En un texte intitulé “Hier Cuba était une fille qui pleure”, publié sur son compte Facebook, le directeur du média La Hora de Cuba a écrit : “Hier, j'ai été arrêté -sans raison et pour la seconde fois en moins de six jours. Hier, je n'ai pas signé de procès-verbal d'avertissement pour ‘avoir incité une puissance étrangère à intervenir à Cuba’, ni je ne l'ai signé pour ‘avoir offensé la mémoire des combattants cubains tombés au Venezuela’, qui est ce que l'on m'a lu comme étant écrit sur ce papier”.

Constantin a souligné que le document a été rédigé "sur le vif" par un instructeur pénal et un lieutenant-colonel pendant qu'il était interrogé. "Je l'aurais signé pour exiger une Cuba libre, qui est mon rêve et ma vocation", a-t-il ajouté.

Le journaliste a décrit la scène dans le poste de police, mentionnant plusieurs agents impliqués dans son arrestation et l'agent qui l'a interrogé. « Pendant que la capitaine Nayibis de l'Office des procédures me demandait si j'avais enfin un logement à La Havane, pendant qu'un homme mince et usé me filmait avec une caméra des années 90, pendant que le même agent qui avait ordonné au sous-officier 67499 de me mettre dans une patrouille quand j'étais sur le point d'emmener ma fille à son cours de peinture me regardait », a-t-il raconté.

Selon son témoignage, dans la salle où il a été interrogé, pendaient des portraits de Raúl Castro et Ignacio Agramonte, des figures qui symbolisaient pour lui deux forces opposées. “Le lieutenant-colonel Kevin - responsable de l'Enfrentement - me menaçait une fois de plus depuis la table en face de la mienne (…) depuis sa chaise au milieu des deux portraits opposés de Raúl Castro et Ignacio Agramonte — les deux forces qui s'affrontaient dans cette salle de réunion de l'UPO — et je répondais aux agents de Castro avec les mots que m'inspirait Agramonte”, a-t-il écrit.
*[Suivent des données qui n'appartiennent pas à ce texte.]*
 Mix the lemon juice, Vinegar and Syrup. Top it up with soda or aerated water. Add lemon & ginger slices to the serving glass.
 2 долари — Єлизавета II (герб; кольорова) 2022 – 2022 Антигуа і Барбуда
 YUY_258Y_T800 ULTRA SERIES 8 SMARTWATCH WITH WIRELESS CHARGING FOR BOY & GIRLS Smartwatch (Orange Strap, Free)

Facebook / Henry Constantin

L'arrestation a eu lieu mardi vers 16h30 et le journaliste a été libéré environ une heure plus tard sans recevoir d'explications sur les raisons de son arrestation. Les agents l'ont intercepté sans mandat judiciaire, un épisode qui s'ajoute à l'arrestation précédente qu'il avait subie à La Havane sous une accusation de “trouble à l'ordre public”.

Constantin a également mentionné la présence d'une capitaine qui lui a demandé s'il avait une maison à La Havane et d'un autre agent qui le filmait « avec une caméra des années 90 », une scène qu'il a décrite comme absurde et dégradante. Après sa libération, il a raconté ses retrouvailles avec sa fille, qui l'a étreint en silence. « Rosslyn m'a sauté dessus et m'a donné un câlin serré, silencieux, éternel. Elle ne m'a jamais étreint comme ça auparavant. L'étreinte de l'amour ne peut être comparée à rien », a-t-il déclaré.
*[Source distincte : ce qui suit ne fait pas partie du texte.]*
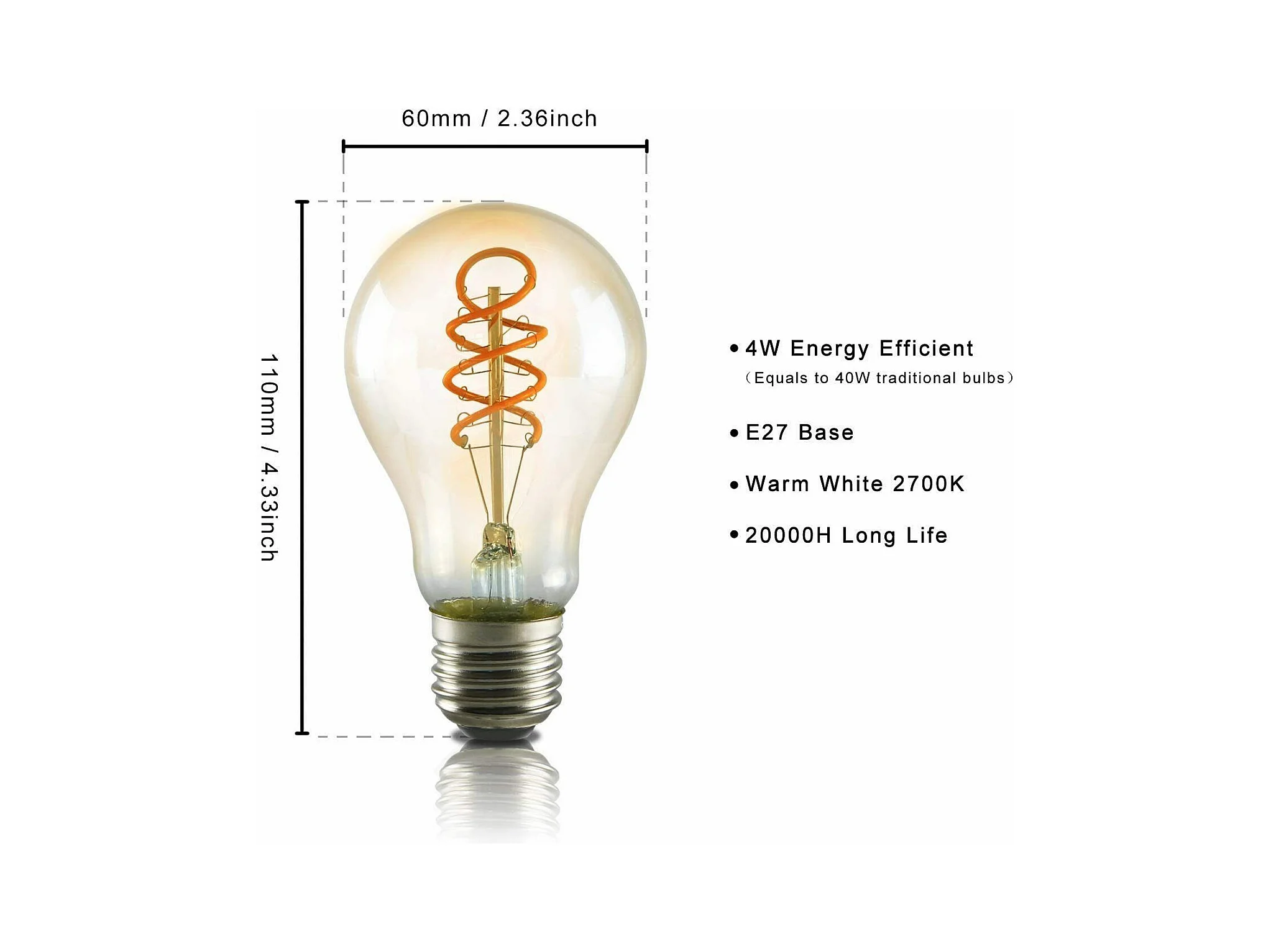 NETTLIFE 3er-Pack E27 LED-Lampen, Warmweiß, A60 Filament, 2200 K, Edison-Glühbirnen, 4 W, Retro-Vintage-Dekorationsglühbirnen

Dans sa publication, le journaliste a réfléchi au sens de ce geste et à la situation du pays : « C'est l'étreinte dont cette Cuba détruite, séparée, maltraitée, affamée, vieillissante, meurtrie, appauvrie, désespérée a besoin. Je veux voir le peuple cubain se donner cette étreinte d'amour et de liberté ici, à Cuba, et je veux continuer à l'aider à y parvenir. »

Henry Constantin, vice-président régional pour Cuba de la Commission de la Liberté de la Presse de la Société Interaméricaine de Presse (SIP), a dénoncé à plusieurs reprises le harcèlement, les coupures d'internet et les convocations arbitraires auxquels il fait face en raison de son travail journalistique. Ses paroles les plus récentes reflètent la pression constante sur les journalistes indépendants et la dimension humaine de cette persécution.